* [Material shown]:
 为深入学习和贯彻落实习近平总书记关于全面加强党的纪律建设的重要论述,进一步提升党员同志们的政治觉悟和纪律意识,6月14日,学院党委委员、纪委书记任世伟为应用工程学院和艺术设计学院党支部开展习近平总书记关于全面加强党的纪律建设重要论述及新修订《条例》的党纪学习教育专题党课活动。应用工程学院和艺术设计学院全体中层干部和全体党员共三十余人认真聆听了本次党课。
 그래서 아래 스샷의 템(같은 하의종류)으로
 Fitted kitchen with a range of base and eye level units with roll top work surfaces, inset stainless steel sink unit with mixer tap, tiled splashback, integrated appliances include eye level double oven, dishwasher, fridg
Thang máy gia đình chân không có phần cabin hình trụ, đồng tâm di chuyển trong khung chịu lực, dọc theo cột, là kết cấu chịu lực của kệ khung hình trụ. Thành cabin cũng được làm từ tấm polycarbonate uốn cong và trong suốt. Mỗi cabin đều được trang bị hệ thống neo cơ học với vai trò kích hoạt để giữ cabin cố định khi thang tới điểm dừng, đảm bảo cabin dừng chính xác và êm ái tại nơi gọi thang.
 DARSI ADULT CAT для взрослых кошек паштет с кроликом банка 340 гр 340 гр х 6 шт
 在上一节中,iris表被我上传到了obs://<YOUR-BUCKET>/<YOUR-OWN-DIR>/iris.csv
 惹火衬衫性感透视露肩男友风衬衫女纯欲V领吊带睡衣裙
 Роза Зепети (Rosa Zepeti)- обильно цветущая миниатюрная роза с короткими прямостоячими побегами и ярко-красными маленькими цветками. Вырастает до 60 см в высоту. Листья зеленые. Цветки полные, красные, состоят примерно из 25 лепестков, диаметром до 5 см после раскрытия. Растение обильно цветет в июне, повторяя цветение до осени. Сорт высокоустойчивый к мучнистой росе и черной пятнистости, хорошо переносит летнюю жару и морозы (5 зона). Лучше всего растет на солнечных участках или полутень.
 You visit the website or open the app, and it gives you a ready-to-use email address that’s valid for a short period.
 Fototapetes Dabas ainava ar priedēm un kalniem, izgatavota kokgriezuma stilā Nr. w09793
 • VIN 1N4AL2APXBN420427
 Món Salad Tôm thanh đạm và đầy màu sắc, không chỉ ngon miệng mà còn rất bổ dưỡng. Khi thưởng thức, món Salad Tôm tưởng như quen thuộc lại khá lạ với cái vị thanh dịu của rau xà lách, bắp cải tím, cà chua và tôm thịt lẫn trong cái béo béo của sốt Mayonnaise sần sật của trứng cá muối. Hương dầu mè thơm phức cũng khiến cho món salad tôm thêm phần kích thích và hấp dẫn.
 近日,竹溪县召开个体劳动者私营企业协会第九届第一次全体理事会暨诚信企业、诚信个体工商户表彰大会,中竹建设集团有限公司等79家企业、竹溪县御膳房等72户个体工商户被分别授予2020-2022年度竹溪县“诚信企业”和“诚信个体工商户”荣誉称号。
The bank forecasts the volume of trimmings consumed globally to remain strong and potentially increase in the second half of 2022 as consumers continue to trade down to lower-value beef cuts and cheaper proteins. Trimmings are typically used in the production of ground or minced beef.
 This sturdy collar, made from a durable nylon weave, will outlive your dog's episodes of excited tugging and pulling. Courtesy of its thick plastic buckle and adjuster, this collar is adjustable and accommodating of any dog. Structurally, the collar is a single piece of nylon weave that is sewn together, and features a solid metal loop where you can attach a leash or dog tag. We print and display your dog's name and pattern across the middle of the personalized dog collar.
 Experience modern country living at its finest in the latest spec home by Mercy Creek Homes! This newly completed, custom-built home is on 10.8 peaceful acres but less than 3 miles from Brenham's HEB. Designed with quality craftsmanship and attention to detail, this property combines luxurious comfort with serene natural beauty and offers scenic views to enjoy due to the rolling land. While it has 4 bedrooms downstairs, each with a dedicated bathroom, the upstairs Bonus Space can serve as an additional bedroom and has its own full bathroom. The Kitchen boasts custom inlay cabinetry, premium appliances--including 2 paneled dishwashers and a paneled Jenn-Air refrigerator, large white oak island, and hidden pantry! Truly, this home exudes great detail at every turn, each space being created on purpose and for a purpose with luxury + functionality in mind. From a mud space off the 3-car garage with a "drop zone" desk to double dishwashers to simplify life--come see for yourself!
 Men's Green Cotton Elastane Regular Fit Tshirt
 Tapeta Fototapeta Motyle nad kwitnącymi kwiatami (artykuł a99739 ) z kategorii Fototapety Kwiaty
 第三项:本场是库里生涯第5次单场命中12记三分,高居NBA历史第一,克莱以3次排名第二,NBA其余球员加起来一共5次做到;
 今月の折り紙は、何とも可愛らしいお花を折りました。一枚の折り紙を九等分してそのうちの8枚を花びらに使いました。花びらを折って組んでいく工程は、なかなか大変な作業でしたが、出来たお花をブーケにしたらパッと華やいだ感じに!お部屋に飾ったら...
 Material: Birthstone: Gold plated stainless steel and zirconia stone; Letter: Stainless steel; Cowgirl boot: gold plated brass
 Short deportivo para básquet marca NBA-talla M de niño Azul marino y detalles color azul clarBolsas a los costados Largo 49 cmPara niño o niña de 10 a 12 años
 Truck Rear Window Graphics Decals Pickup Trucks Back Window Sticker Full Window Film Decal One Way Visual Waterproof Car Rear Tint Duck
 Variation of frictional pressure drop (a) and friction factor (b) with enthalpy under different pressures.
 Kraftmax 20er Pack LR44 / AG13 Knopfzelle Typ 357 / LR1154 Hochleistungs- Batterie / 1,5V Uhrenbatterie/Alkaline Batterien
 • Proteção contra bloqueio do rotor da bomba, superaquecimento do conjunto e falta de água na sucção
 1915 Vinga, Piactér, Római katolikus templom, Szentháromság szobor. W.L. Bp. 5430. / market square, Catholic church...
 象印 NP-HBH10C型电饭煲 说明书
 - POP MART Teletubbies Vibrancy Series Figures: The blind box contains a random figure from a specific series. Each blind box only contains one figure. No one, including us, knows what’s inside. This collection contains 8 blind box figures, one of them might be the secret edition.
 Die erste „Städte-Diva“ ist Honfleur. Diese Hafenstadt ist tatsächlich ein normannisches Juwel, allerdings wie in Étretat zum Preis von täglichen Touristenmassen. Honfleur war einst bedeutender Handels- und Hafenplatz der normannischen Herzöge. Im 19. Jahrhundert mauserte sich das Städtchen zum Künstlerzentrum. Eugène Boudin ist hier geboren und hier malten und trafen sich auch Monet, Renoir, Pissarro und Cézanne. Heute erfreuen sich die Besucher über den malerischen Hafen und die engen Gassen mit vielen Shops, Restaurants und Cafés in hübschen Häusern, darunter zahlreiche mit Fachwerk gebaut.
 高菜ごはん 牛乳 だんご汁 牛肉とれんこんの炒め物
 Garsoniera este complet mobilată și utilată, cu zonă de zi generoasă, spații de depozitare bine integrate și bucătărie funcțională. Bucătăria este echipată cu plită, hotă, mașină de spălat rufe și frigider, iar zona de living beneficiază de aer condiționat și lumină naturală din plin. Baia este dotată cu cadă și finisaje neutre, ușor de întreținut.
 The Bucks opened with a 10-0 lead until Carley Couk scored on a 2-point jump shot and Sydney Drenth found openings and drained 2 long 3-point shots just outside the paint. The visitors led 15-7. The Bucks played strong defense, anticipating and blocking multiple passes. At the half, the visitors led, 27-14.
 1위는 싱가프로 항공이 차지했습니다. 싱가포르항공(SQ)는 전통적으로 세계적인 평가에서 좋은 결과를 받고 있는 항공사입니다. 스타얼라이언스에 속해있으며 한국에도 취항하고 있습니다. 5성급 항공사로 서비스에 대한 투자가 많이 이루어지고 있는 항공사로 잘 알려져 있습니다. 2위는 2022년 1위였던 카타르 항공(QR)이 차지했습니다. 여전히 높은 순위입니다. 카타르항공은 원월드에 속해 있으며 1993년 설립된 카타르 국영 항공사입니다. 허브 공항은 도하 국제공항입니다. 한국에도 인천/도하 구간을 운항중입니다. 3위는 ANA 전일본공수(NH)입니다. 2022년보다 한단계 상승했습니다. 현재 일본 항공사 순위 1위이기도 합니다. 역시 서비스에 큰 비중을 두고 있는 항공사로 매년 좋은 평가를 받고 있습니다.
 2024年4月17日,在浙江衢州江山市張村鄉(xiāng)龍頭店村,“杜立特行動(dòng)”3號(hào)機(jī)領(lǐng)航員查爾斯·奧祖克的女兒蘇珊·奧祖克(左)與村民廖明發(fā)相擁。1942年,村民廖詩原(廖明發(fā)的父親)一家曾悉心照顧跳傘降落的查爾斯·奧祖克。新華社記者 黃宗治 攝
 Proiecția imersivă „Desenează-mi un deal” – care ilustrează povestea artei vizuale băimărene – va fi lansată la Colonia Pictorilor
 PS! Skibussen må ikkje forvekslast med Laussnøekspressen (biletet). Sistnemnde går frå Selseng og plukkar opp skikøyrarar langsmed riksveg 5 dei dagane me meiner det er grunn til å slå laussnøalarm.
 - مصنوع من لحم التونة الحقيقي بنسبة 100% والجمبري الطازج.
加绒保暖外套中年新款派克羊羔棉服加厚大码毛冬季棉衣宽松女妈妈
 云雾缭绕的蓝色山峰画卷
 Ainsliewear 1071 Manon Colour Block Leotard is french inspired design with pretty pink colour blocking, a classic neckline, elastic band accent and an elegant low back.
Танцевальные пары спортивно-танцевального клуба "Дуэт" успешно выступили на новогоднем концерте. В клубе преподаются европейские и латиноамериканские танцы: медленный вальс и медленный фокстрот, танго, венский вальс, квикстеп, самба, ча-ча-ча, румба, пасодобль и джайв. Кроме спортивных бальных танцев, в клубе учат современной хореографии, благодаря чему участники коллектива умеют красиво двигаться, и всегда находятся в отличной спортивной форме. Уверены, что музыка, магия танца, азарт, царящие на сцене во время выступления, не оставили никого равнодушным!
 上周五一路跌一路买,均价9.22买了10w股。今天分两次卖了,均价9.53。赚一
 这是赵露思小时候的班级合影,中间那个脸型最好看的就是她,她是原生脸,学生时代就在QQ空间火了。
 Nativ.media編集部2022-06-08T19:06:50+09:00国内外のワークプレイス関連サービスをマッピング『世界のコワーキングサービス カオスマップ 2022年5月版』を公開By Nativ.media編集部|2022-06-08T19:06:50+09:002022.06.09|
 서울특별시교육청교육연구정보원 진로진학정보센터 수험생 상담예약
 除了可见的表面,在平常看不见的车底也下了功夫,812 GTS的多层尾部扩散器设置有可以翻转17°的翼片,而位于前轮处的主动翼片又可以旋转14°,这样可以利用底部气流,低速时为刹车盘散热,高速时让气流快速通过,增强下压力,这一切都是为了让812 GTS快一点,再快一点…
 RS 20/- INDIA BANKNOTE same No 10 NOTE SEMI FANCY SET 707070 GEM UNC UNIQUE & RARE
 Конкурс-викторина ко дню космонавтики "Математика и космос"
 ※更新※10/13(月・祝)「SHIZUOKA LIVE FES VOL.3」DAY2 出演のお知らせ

* [Task goal]: Once you find the line with "第三项:本场是库里生涯第5次" in the entries above, output it and each line after it up to and including the line with "高菜ごはん 牛乳 だんご汁 牛肉とれんこんの炒め物", and nothing else.

* [Response to this task]:
 第三项:本场是库里生涯第5次单场命中12记三分,高居NBA历史第一,克莱以3次排名第二,NBA其余球员加起来一共5次做到;
 今月の折り紙は、何とも可愛らしいお花を折りました。一枚の折り紙を九等分してそのうちの8枚を花びらに使いました。花びらを折って組んでいく工程は、なかなか大変な作業でしたが、出来たお花をブーケにしたらパッと華やいだ感じに!お部屋に飾ったら...
 Material: Birthstone: Gold plated stainless steel and zirconia stone; Letter: Stainless steel; Cowgirl boot: gold plated brass
 Short deportivo para básquet marca NBA-talla M de niño Azul marino y detalles color azul clarBolsas a los costados Largo 49 cmPara niño o niña de 10 a 12 años
 Truck Rear Window Graphics Decals Pickup Trucks Back Window Sticker Full Window Film Decal One Way Visual Waterproof Car Rear Tint Duck
 Variation of frictional pressure drop (a) and friction factor (b) with enthalpy under different pressures.
 Kraftmax 20er Pack LR44 / AG13 Knopfzelle Typ 357 / LR1154 Hochleistungs- Batterie / 1,5V Uhrenbatterie/Alkaline Batterien
 • Proteção contra bloqueio do rotor da bomba, superaquecimento do conjunto e falta de água na sucção
 1915 Vinga, Piactér, Római katolikus templom, Szentháromság szobor. W.L. Bp. 5430. / market square, Catholic church...
 象印 NP-HBH10C型电饭煲 说明书
 - POP MART Teletubbies Vibrancy Series Figures: The blind box contains a random figure from a specific series. Each blind box only contains one figure. No one, including us, knows what’s inside. This collection contains 8 blind box figures, one of them might be the secret edition.
 Die erste „Städte-Diva“ ist Honfleur. Diese Hafenstadt ist tatsächlich ein normannisches Juwel, allerdings wie in Étretat zum Preis von täglichen Touristenmassen. Honfleur war einst bedeutender Handels- und Hafenplatz der normannischen Herzöge. Im 19. Jahrhundert mauserte sich das Städtchen zum Künstlerzentrum. Eugène Boudin ist hier geboren und hier malten und trafen sich auch Monet, Renoir, Pissarro und Cézanne. Heute erfreuen sich die Besucher über den malerischen Hafen und die engen Gassen mit vielen Shops, Restaurants und Cafés in hübschen Häusern, darunter zahlreiche mit Fachwerk gebaut.
 高菜ごはん 牛乳 だんご汁 牛肉とれんこんの炒め物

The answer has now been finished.